Сделав необычно глубокую затяжку, которая для хорошего слуха показалась бы почти вздохом, Пороховский бросил свою «мэриленд-жюн» в огромную, оправленную серебром пепельницу, потом взял в руки аккуратно сложенные в несколько раз еще сырые листочки бумаги в виде книжечки, перелистал их, так что отдельные буквы прямо-таки отпечатались на потных и пожелтевших от никотина подушечках пальцев, и принялся читать. Текст был напечатан петитом и курсивом, густо, без каких-либо интервалов, тяжелым для чтения слогом:
Открытое письмо Нильса Нильсена Кристиану Пороховскому. Ваше имя, Кристиан Пороховский, стало известно в этой стране десять лет тому назад, когда Ввы с подмастерьями и гимназистами под прикрытием ингерманландских штыков осуществили этот свой fait accompli, что сейчас зовется Блитванией. Бесспорно, Вы яснее, чем Вваши блитванские сограждане, понимали то, как маленькие политические группы, не располагающие какой-либо особенной политической программой, могут спастись от всеобщего развала, и то, что существуют условия, при которых только нацеленный ствол действует как доказательство. Это так же верно, как и подтвержденное опытом убеждение: при кораблекрушении важнее револьвер, чем цитата из самого мудрого открытого письма. Обвинять Вас сегодня за несколько тысяч убитых в тысяча девятьсот семнадцатом году было бы лицемерно, ведь Ваше имя появилось в тот момент, когда Вы приняли на себя командование при кораблекрушении, предвидя, что другого выхода нет – спасайся, кто может! Голодное блитванское мясо, вековая пища чужеземных пушек, переплыло на другой берег, на берег нашей нынешней, современной блитванской действительности, в крови, голоде, смятении от ужаса, не имея ни собственного гражданского сознания, ни чувства собственного достоинства.
Независимо от обстоятельств, которые к этому привели, в Блитве сегодня правят по Вашим законам. Уже третий год в блитванских судах выносят приговоры от Вашего имени, а вот Вам до сегодняшнего дня еще никто не задал один обычный вопрос: во имя кого требуете Вы, Кристиан Пороховский, чтобы мы подчинялись Вашим судебным постановлениям? Вы же никого не представляете, какой же Вы тогда законодатель, Вы самый что ни на есть самозванец.
«Какие фразы, какие затрепанные, банальные фразы», – подумал Пороховский, закуривая новую сигарету.

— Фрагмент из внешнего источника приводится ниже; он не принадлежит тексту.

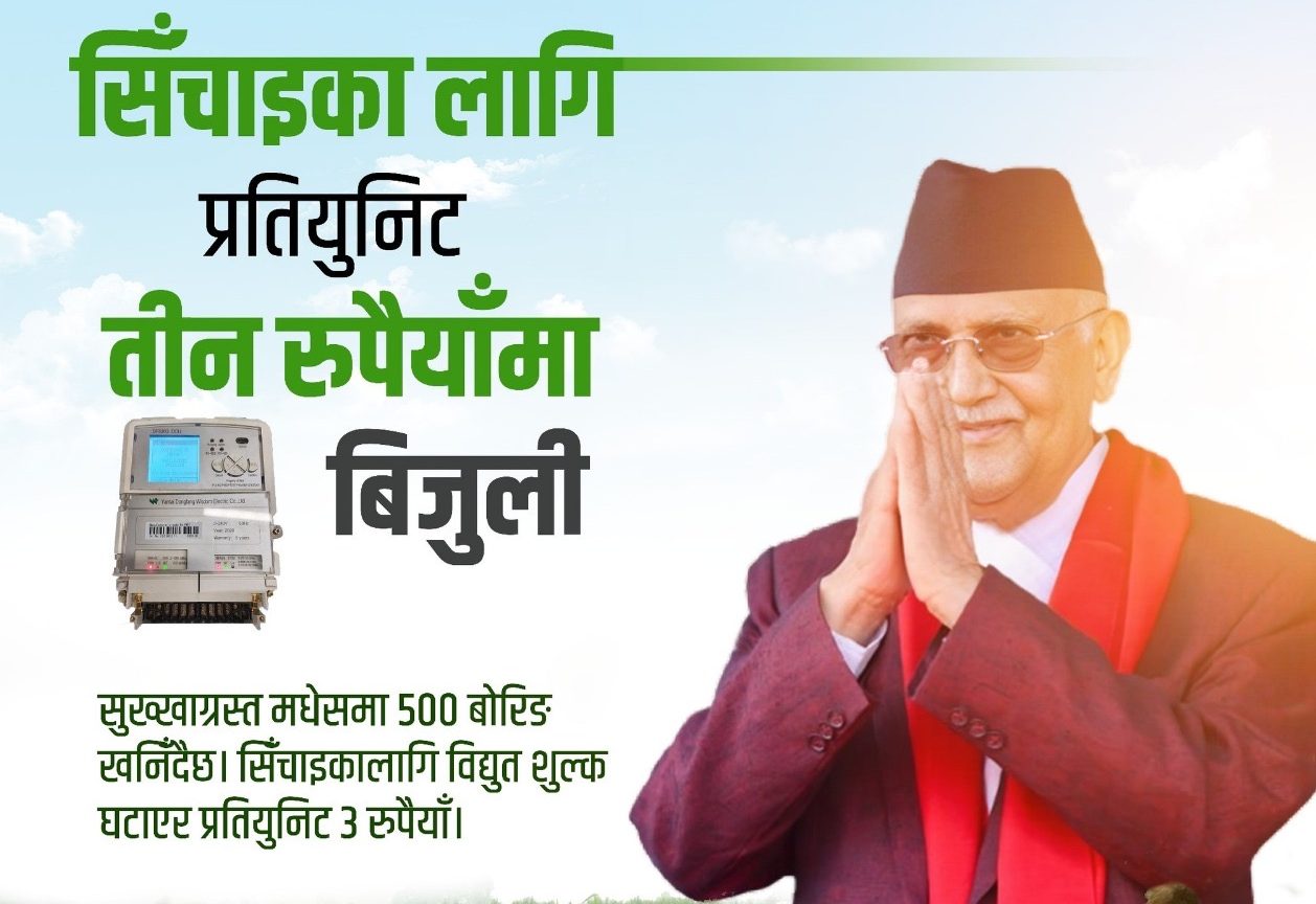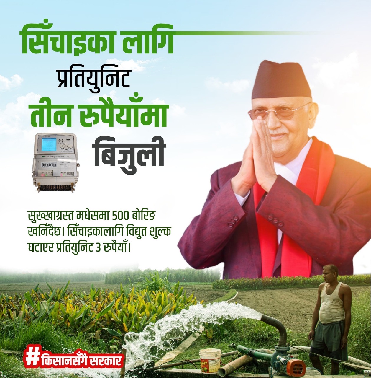 पानी नपरेर सिँचाइमा समस्या भएपछि सरकारले यो निर्णय लिएकाले हो ।  प्रधानमन्त्री केपी शर्मा ओलीले सामाजिक सञ्जालमार्फत किसानका लागि सिँचाइ सुविधामा सुधार ल्याउने उद्देश्यले सरकारले उक्त योजना कार्यान्वयनमा ल्याएको उल्लेख गर्नु भएको छ । ‘तराईमा ५०० वटा डिप बोरिङ खन्ने काम सुरु भएको छ, सिँचाइका लागि किसानलाई प्रतियुनिट बिजुलीको ३ रुपैयाँ मात्र लाग्नेछ’, प्रधानमन्त्रीले फेसबुकमा लेख्नु भएको छ ।

Веками, в своем мрачном прошлом Блитва никогда не была свободной, ни одной минуты, а сегодня под Вашим личным командованием Блитва – это кровавое беззаконие, цепь преступлений и насилий. Блитву, ныне менее свободную, чем когда-либо прежде, в самые тяжелые периоды чужеземного рабства, Вы раните своими шпорами, уверяя нас, что Вы сегодня единственный гарант нашей гражданской свободы. Картежнику по натуре, Вам нетрудно играть с судьбой народа, но, в этой нашей нынешней игре, протекающей под знаком неизбежного проигрыша, больше не идет речь только о Вашем личном риске, но и обо всех нас, и отсюда наша озабоченность, принуждающая нас сказать Вам откровенно несколько слов. Обращаясь к Вам как к субъекту, я употребляю эту напыщенную форму множественного числа «Мы» не из-за какой-то вымышленной предвзятости, а просто из убеждения, что я говорю от имени огромного большинства блитванских граждан, которые погрузились в зловещее молчание лишь потому, что повседневные блитванские порядки приводят их в ужас, и любому страшно оказаться неопознанным обезглавленным трупом на железнодорожном полотне в тумане. Я пишу Вам как человеку, который меня знает, которому известно, что всей своей жизнью я доказал, каких качеств мне не хватает, но к числу моих недостатков невозможно причислить дефицит смелости. Мы вдвоем, Вы, полковник Кристиан Пороховский, и я, скромный рядовой блитванский легионер, мы вдвоем не раз смотрели смерти в глаза, и именно потому, что Вы знаете, что я не малодушен перед смертью, именно поэтому во мне не погасла последняя искра надежды: эти мои слова найдут путь к человеку, способному оценить, что значит смотреть в глаза смерти и говорить правду.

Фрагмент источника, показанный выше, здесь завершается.